Let's run our program and see what happens!
ruby neural-net.rb
You should see a lot of output for the Epochs, but at the bottom, you should see something like this:
Accuracy: 56.82% - test set of size 20.0%
Oof, that is not very good! But, let's come up with our own data points and run the model.
prediction = model.run( [1, 1] )
# Round the output to get the prediction.
puts "Algorithm predicted class: #{prediction.map{ |e| e.round }}"
prediction_two = model.run( [5, 4] )
# Round the output to get the prediction.
puts "Algorithm predicted class: #{prediction_two.map{ |e| e.round }}"

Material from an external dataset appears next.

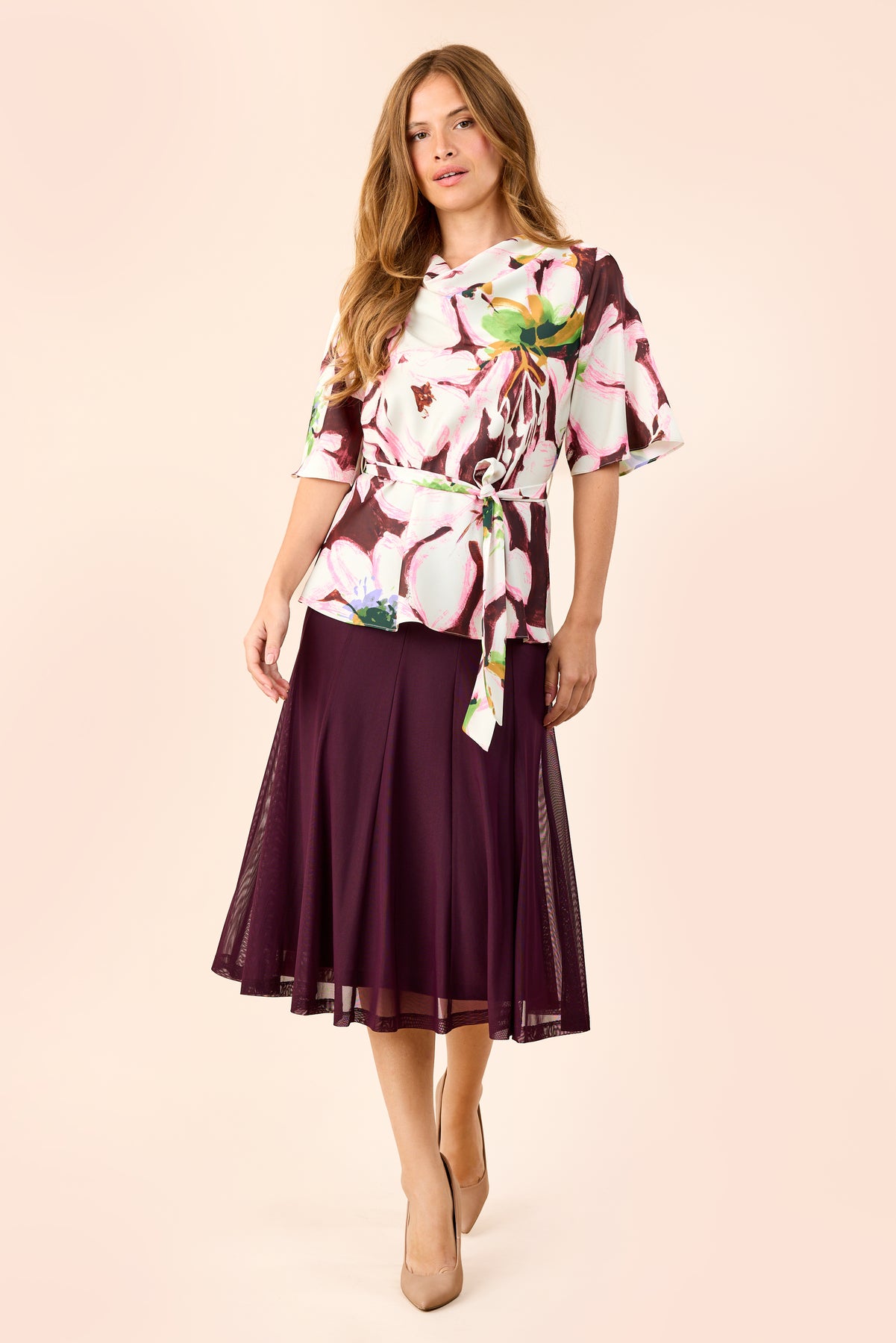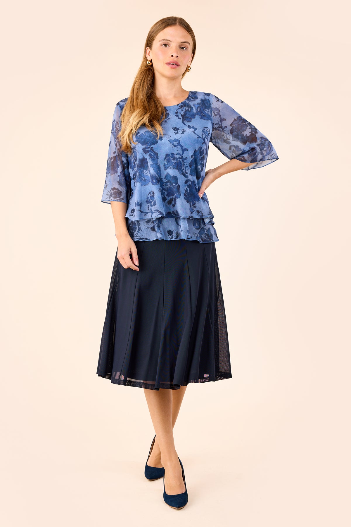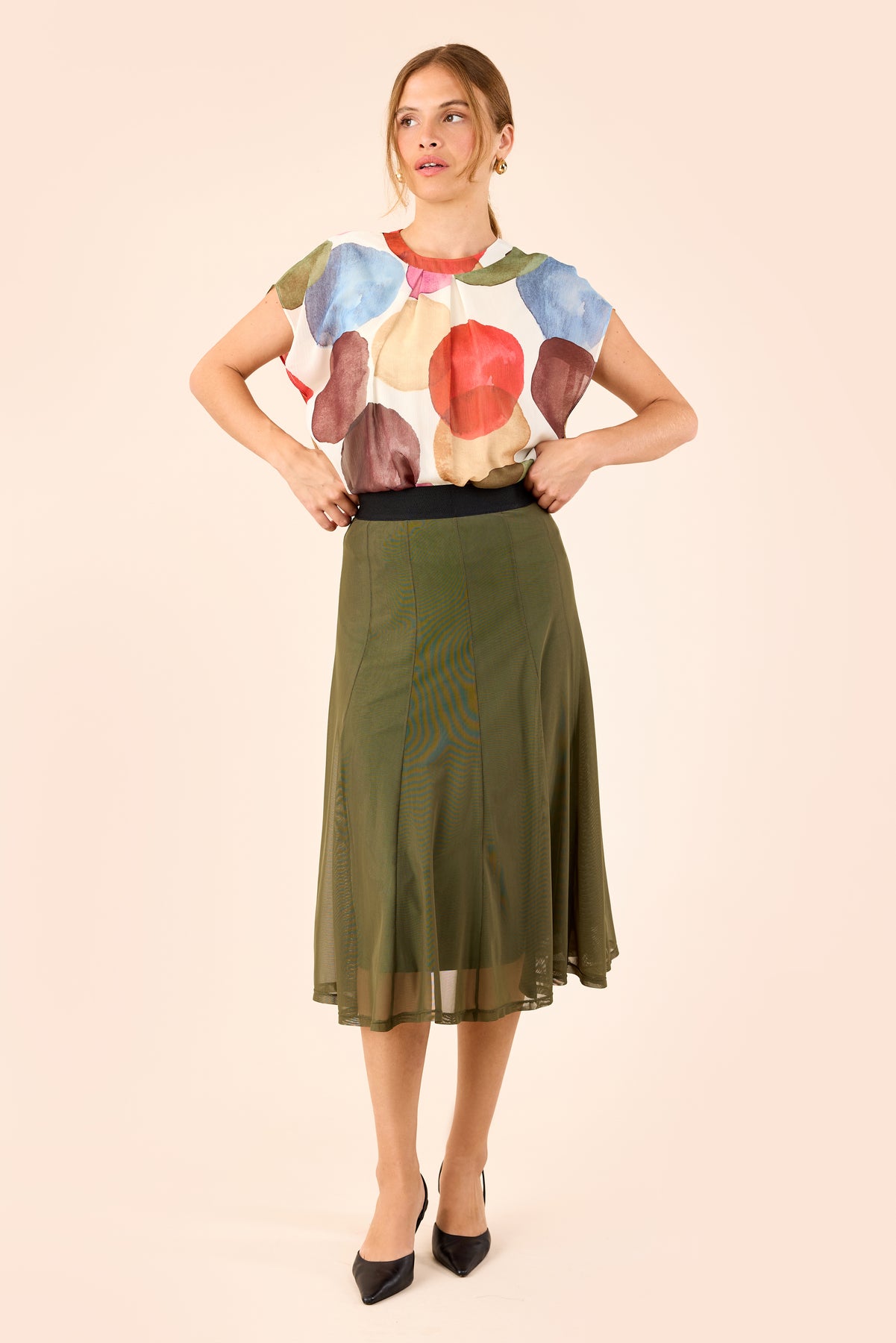 Molly Jo - Gianna pils, með saumum niður og breiðri teygju í mitti, rúnað að neðan og með undirpilsi. Pils sem passar bæði spari og hversdags.

Here, we have two examples. For the first, we're passing in 1s for our weekday and weekend alcohol consumption. If I were a betting person, I would guess that this student would have a final grade above 10 (i.e., a 1). The second example passes in high values (5 and 4) for alcohol consumption, so I would guess that this student would have a final grade equal to or below 10 (i.e., a 0.) Let's run our program again and see what happens!
Your output should look something like this:
Algorithm predicted class: [1]
Algorithm predicted class: [0]
Our model appears to do what we'd expect for the numbers on either the lower or higher end of the spectrum. But, it struggles when numbers are opposites (feel free to try out different combinations -- 1 and 5, or 2 and 3 as examples) or in the middle. We can also see from our Epoch data that, while the error does decrease, it remains very high (mid-20%.) What this means is there may not be a relationship between alcohol consumption and course grades. I encourage you to play around with the original dataset from Kaggle -- are there other independent variables that we could use to predict course outcomes?
Wrap-Up
There are a lot of intricacies (mostly with regards to the math) that happen under the hood to make all this work. If you're curious and want to learn more, I highly recommend looking through the docs on FANN or looking at the source code for the ruby-fann
gem. I also recommend checking out the "AlphaGo" documentary on Netflix -- it doesn't require a lot of technical knowledge to enjoy it and gives a great, real-life example of how deep learning is pushing the limits of what computers can accomplish.
Will Kurzweil end up being correct with his prediction? Only time will tell!